GM to get tough with dealers during bankruptcy

General Motors is going to right-size its dealer body as part of its bankruptcy, and the Detroit automaker is going to ask plenty of dealers that make the cut to remain with the "new" GM. The General has already announced that 1,124 dealerships wouldn't be renewed in October 2010, and another 200 franchises will receive similar notices this week.

GM VP Mark LaNeve told Automotive News that the remaining GM retail outlets would need to sign a participation agreement to stay off the endangered species list. The agreement will guarantee that the dealers will make required facility upgrades and reach customer satisfaction objectives. Surviving dealers will also need to remove all non-GM vehicles from the showroom. If the dealers refuse to sign the participation agreement by a mid-June deadline, they will be cast into the "old GM" bin, and the dealerships will be terminated in a manner similar to the 789 Chrysler dealers that will cease to exist on June 9.

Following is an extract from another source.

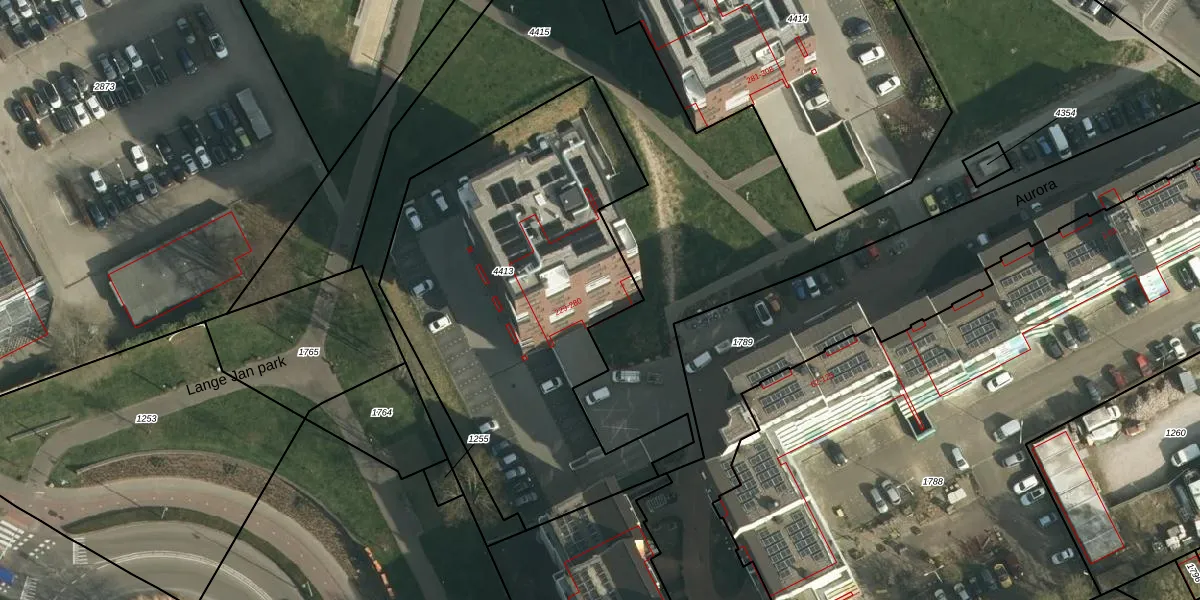 Het perceel waarop Aurora 268 staat heeft een oppervlakte van 2130 m². Dit is een zeer groot perceel. De perceeloppervlakte wordt geregistreerd door het Kadaster. Gedetailleerde informatie over de maten van dit perceel kunt u vinden in het rapport Kadastrale kaart met maatvoering van Aurora 268.

The 1,324 dealers that are scheduled to go away in 17 months will also need to sign an agreement to avert an early closure. The "wind down" agreement will enable the dealerships to receive money from GM for inventory for unused inventory and leftover parts and signage. In return, the dealers will not be able to sue the General. Some dealers will even be paid up front for their loss, while others will receive money closer to October 2010. Dealers that refuse to sign the wind down agreement will lose their franchise soon after the mid-June deadline.